The LLC benefits are different from a sole proprietorship. As mentioned earlier, the two major benefits are pass-through taxation and liability protection to safeguard your personal assets.
As the owner of an LLC, you will only be required to file individual taxes. Business income or losses will be passed through to the business owner.
This means that the Internal Revenue Service (IRS) will not require you to file separate income taxes for your business.
Your company's profits will be part of your personal income. Therefore, it will be taxed on personal income tax rates.
When you are running a sole proprietorship, you represent the same entity as your business. This means that you share the same debts and liabilities as your business.
If your business were to acquire debts or liability issues, then creditors will have the right to seize your personal assets such as your home, savings accounts, and more.
However, when you own an LLC, you are protected. Your business organization and your personal life are held separately.
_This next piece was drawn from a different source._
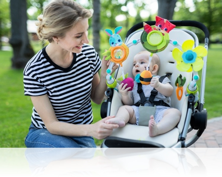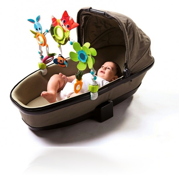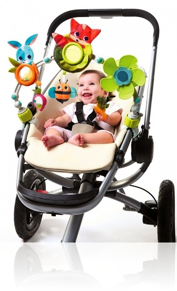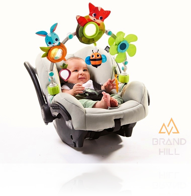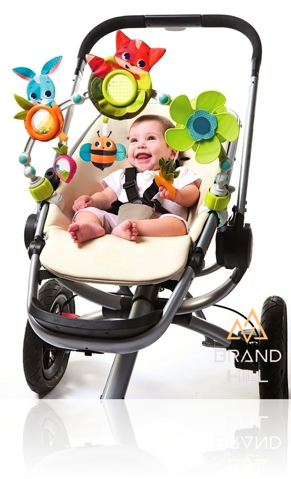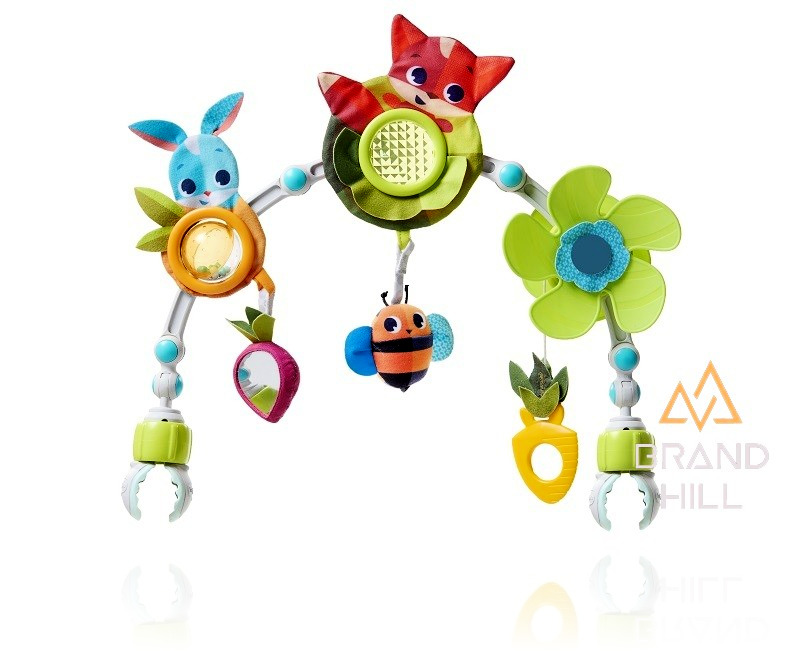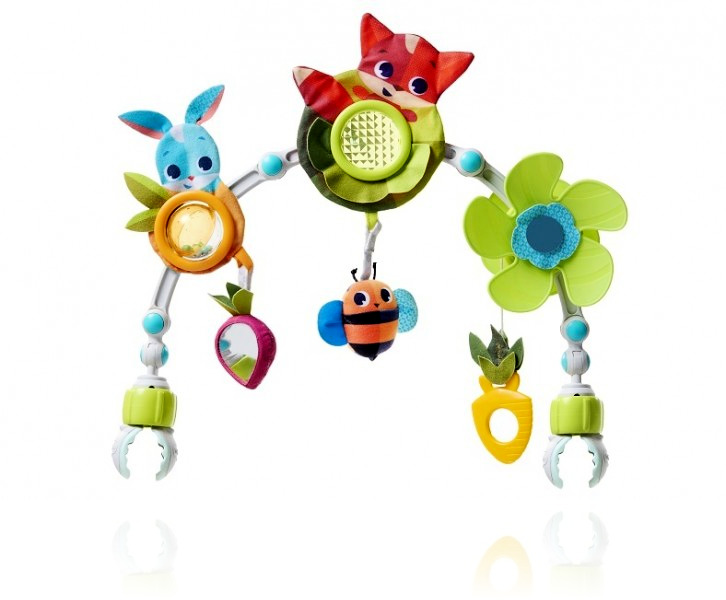 Дуга-трансформер Tiny Love Сонячна галявина - це унікальний продукт, який додається в дитяче крісло, лежак або коляску. Іграшка дуже проста в збиранні, а регулювання її кута дозволить адаптувати її до потреб кожної дитини. Іграшки, підвішені на носі, дозволять кожній дитині розвинути великі рухові навички, чіткі рухи та почуття. Милий зайчик, веселе лисеня і маленька бджілка розважать малюка. У фігурку зайчика вбудована прозоре брязкальце, що обертається, з кольоровими кульками. Є і прорізувач у вигляді великої моркви - прекрасний засіб прибрати у малюка неприємні відчуття під час зростання зубів. Дзеркальце, що звучать іграшки, квітка, що обертається - всі вони виготовлені з матеріалів з різною фактурою для розвитку тактильних почуттів дитини. Всі деталі великі, яскраві та кольорові для привернення уваги дитини. Іграшки можна знімати із кріплень на дузі. Конструкція дуги виконана на шарнірах і дозволяє змінювати її форму та відстань від іграшок до дитини. Передбачено універсальне кріплення у вигляді захвату для встановлення на коляски різних конструкцій та габаритів. Виконана з ударостійкого пластику, текстилю та гіпоалергенного силікону.

You will no longer be held responsible for the business debts and liabilities.
Being protected means creditors cannot seize the personal items of members such as their cars, bank accounts, or houses even if the company goes bankrupt. It is a good idea to have a separate business checking account for an LLC.
As long as you do not pierce the corporate veil, you are protected. Piercing the corporate veil is a unique situation in which business transactions are mixed with your personal transactions. This will void the personal liability protection that an LLC offers if a court decides to hold LLC members responsible.